Your assignment: An exact copy of the records is required, minus the pictures they hold.

Supplied records:
· · · ·

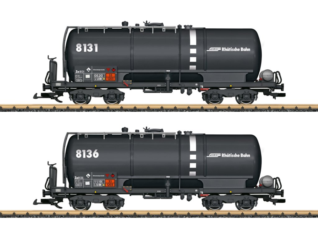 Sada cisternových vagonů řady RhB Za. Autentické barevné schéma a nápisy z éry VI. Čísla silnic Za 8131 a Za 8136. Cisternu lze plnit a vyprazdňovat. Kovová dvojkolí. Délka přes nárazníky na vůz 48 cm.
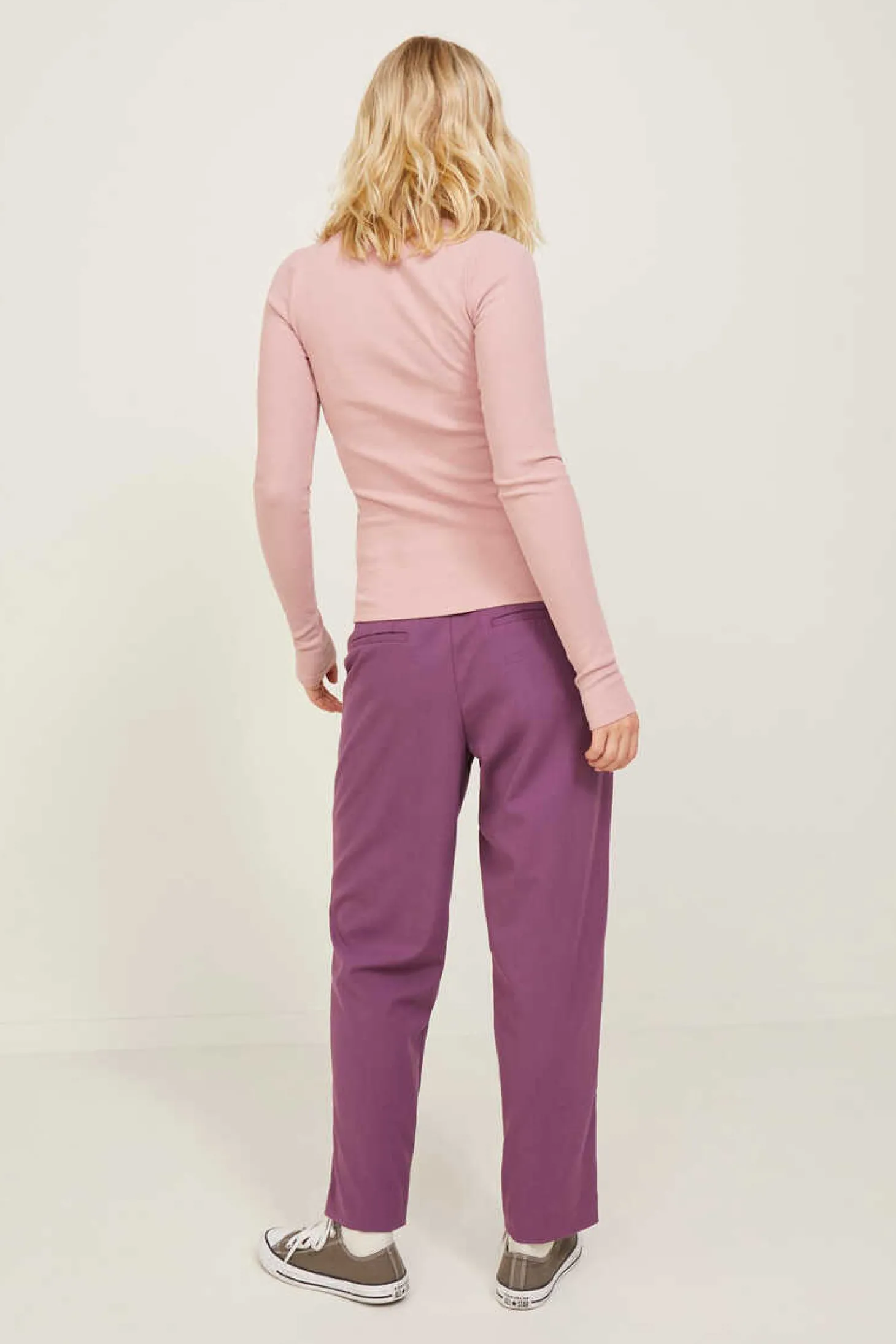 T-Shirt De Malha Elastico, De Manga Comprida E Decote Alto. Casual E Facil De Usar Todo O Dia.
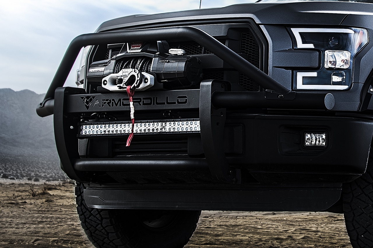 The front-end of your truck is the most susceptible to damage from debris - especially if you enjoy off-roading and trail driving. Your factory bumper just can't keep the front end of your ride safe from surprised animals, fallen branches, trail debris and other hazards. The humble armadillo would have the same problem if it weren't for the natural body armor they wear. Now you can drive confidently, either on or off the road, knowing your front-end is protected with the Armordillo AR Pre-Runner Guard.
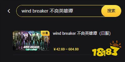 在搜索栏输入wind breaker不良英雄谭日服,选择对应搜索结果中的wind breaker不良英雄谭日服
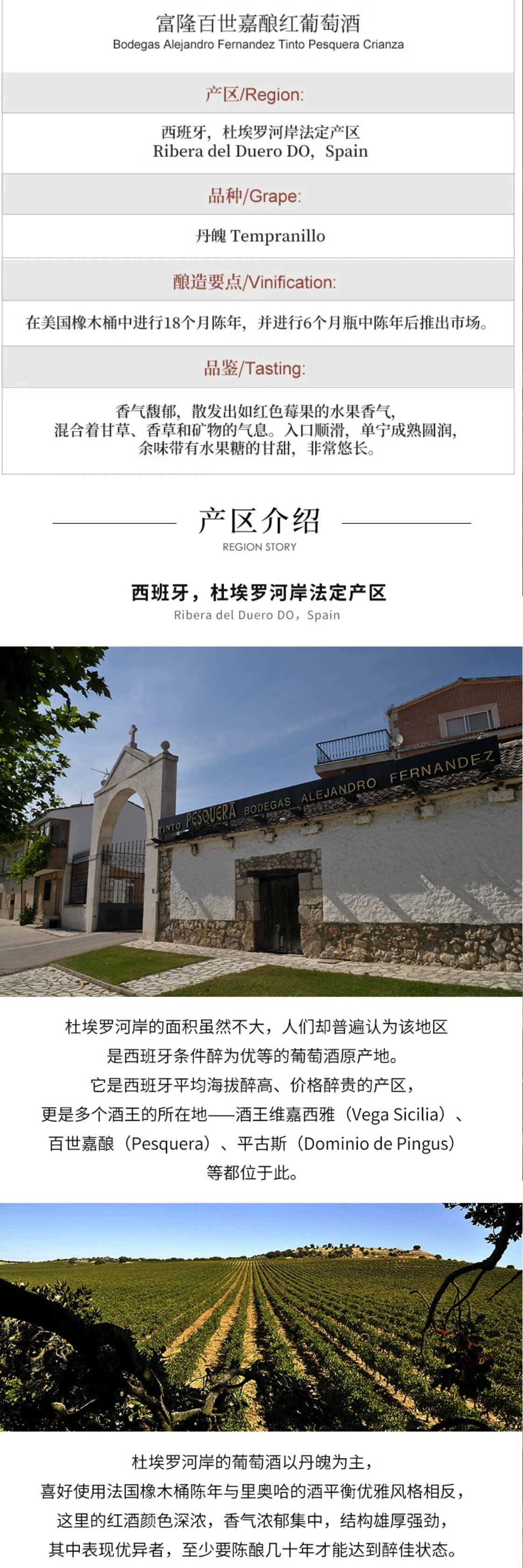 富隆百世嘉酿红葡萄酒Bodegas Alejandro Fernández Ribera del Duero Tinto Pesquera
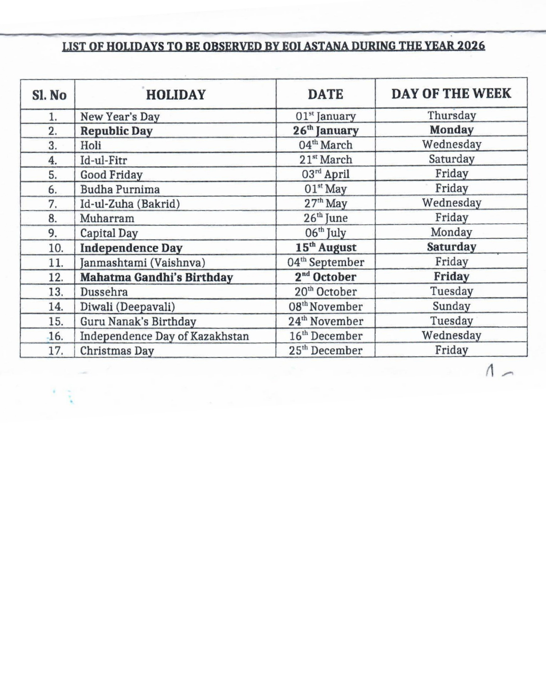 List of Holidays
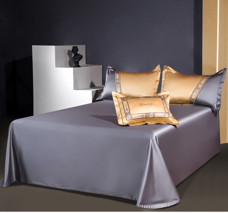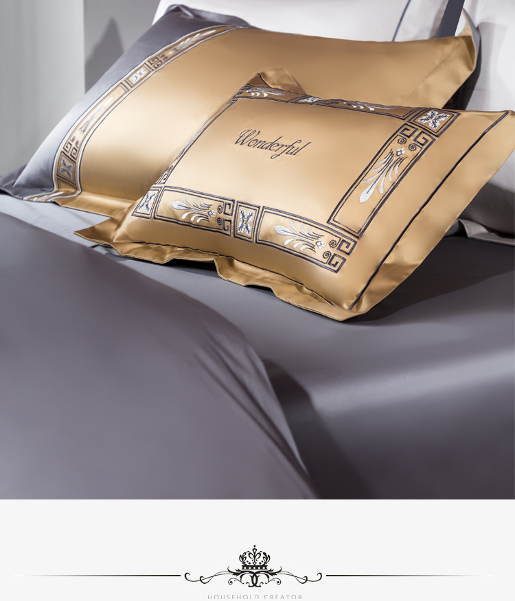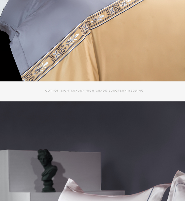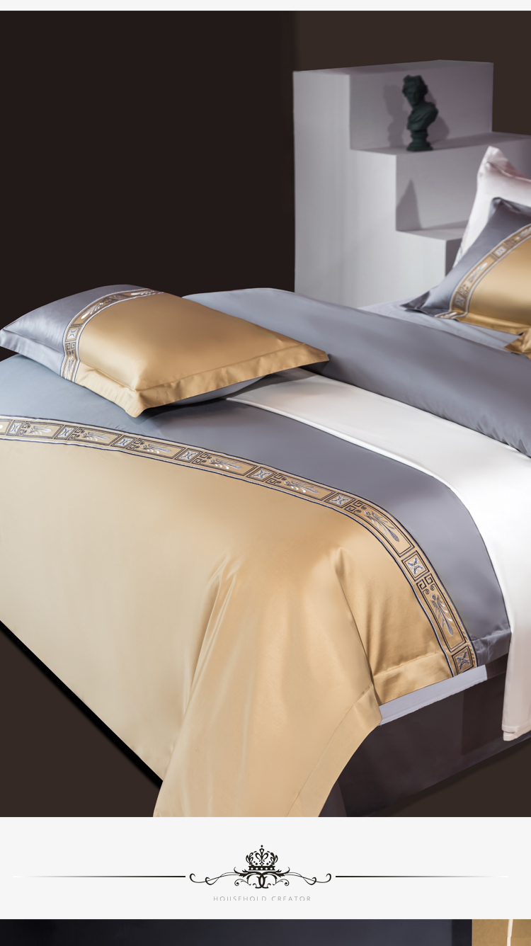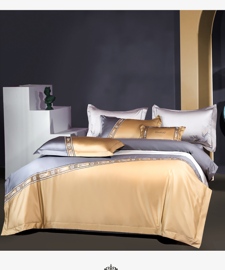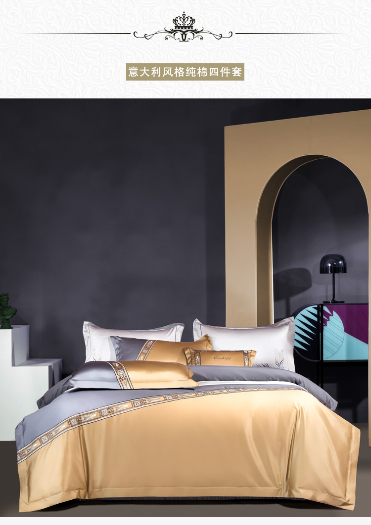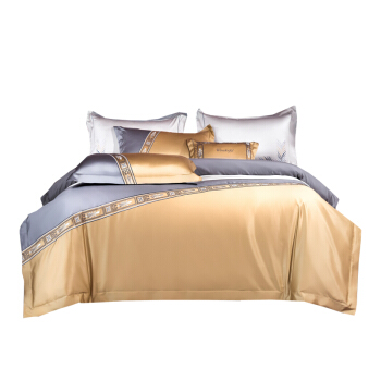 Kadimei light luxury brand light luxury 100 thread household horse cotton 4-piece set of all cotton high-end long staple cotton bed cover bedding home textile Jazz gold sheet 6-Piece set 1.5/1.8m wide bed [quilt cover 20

· · · ·

Result of the task:
 Sada cisternových vagonů řady RhB Za. Autentické barevné schéma a nápisy z éry VI. Čísla silnic Za 8131 a Za 8136. Cisternu lze plnit a vyprazdňovat. Kovová dvojkolí. Délka přes nárazníky na vůz 48 cm.
 T-Shirt De Malha Elastico, De Manga Comprida E Decote Alto. Casual E Facil De Usar Todo O Dia.
 The front-end of your truck is the most susceptible to damage from debris - especially if you enjoy off-roading and trail driving. Your factory bumper just can't keep the front end of your ride safe from surprised animals, fallen branches, trail debris and other hazards. The humble armadillo would have the same problem if it weren't for the natural body armor they wear. Now you can drive confidently, either on or off the road, knowing your front-end is protected with the Armordillo AR Pre-Runner Guard.
 在搜索栏输入wind breaker不良英雄谭日服,选择对应搜索结果中的wind breaker不良英雄谭日服
 富隆百世嘉酿红葡萄酒Bodegas Alejandro Fernández Ribera del Duero Tinto Pesquera
 List of Holidays
 Kadimei light luxury brand light luxury 100 thread household horse cotton 4-piece set of all cotton high-end long staple cotton bed cover bedding home textile Jazz gold sheet 6-Piece set 1.5/1.8m wide bed [quilt cover 20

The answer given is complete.